# Sequential Active Learning Worked Example

## Set up

Three features $(x1, x_2, x3)$ and two labels $(y_0, y_1)$

The hypothesis space is given by:

$$
h_1 = [1, 1, 1] \\
h_2 = [0, 1, 1] \\
h_3 = [0, 0, 1] \\
h_4 = [0, 0, 0]
$$

The learner's prior over hypotheses is uniform, $p_L(h') = 1/4 \quad \forall h' \in h$

In [62]:
import numpy as np

def create_boundary_hyp_space(n_features):
    """Creates a hypothesis space of concepts defined by a linear boundary"""
    hyp_space = []
    for i in range(n_features + 1):
        hyp = [1 for _ in range(n_features)]
        hyp[:i] = [0 for _ in range(i)]
        hyp_space.append(hyp)
    hyp_space = np.array(hyp_space)
    return hyp_space

# initialize model
n_features = 3  # number of features
features = np.arange(n_features)  # features
n_labels = 2  # number of labels
labels = np.arange(n_labels)  # labels
hyp_space = create_boundary_hyp_space(n_features)
n_hyp = len(hyp_space)  # number of hypotheses
hyp_shape = (n_hyp, n_features, n_labels)  # shape of structures


# set learner's prior p_L(h) to be uniform over hypotheses
prior = 1 / n_hyp * np.ones(hyp_shape)

assert np.allclose(np.sum(learner_prior, axis=0), 1.0)

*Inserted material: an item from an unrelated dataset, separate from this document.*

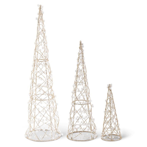 Set of 3 Gold Glittered Cone Trees with Pearls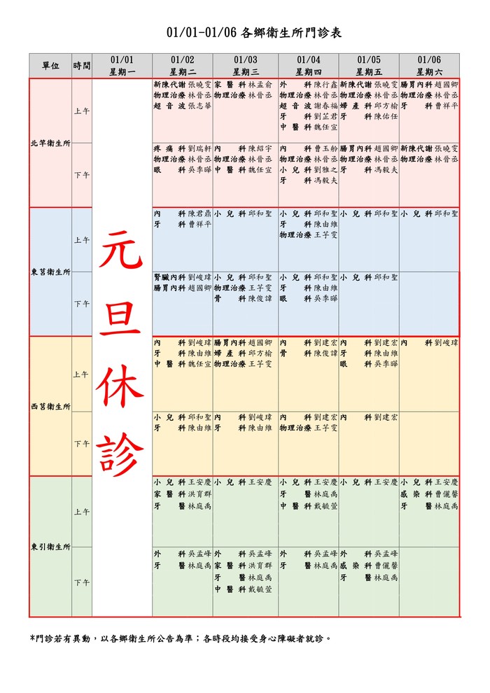 本週1/6北竿衛生所原排定之牙科馮毅夫醫師改為曹祥平醫師,造成不便,敬請見諒。

The likelihood $p(y|x, h)$

In [63]:
lik = np.ones(hyp_shape)

for i, hyp in enumerate(hyp_space):
    for j, feature in enumerate(features):
        for k, label in enumerate(labels):
            if hyp[feature] == label:
                lik[i, j, k] = 1
            else:
                lik[i, j, k] = 0
                
assert lik.shape == hyp_shape

The posterior $p(h|x, y) \propto p(x, y|h)p(h)$

In [64]:
posterior = lik * prior
posterior = posterior / np.sum(posterior, axis=0)

assert np.allclose(np.sum(posterior, axis=0), 1.0)

The entropy of a random variable is given by: $H(X) = -\sum_x p(x) \log_2(p(x))$
We calculate the entropy of the prior and posterior using $H(p(h))$ and $H(p(h|x, y))$ respectively

In [65]:
def entropy(X):
    assert np.isclose(np.sum(X), 1.0)  # check for valid probability distribution
    return -1 * np.nansum(X * np.log2(X))

prior_entropy = np.empty((n_features, n_labels))
posterior_entropy = np.empty((n_features, n_labels))

for i, feature in enumerate(features):
    for j, label in enumerate(labels):
        prior_entropy[feature, label] = entropy(prior[:, i, j])
        posterior_entropy[feature, label] = entropy(posterior[:, i, j])

  app.launch_new_instance()
  app.launch_new_instance()


Next, we calculate the amount of information gained by calculating $IG(x, y) = H(p(h)) - H(p(h|x, y))$

In [66]:
information_gain = prior_entropy - posterior_entropy
print(information_gain)

[[ 0.4150375  2.       ]
 [ 1.         1.       ]
 [ 2.         0.4150375]]


Finally, we calculate the expected information gain by averaging across all possible label observations $EIG(x) = H(p(h)) - \sum_y p(y|x) H(p(h|x, y))$

In [70]:
label_predictive = np.sum(lik * prior, axis=0) 
foo = prior_entropy[:,] - np.sum(label_predictive * posterior_entropy, axis=1)

In [71]:
foo / np.sum(foo)

array([ 0.30934632,  0.38130736,  0.30934632])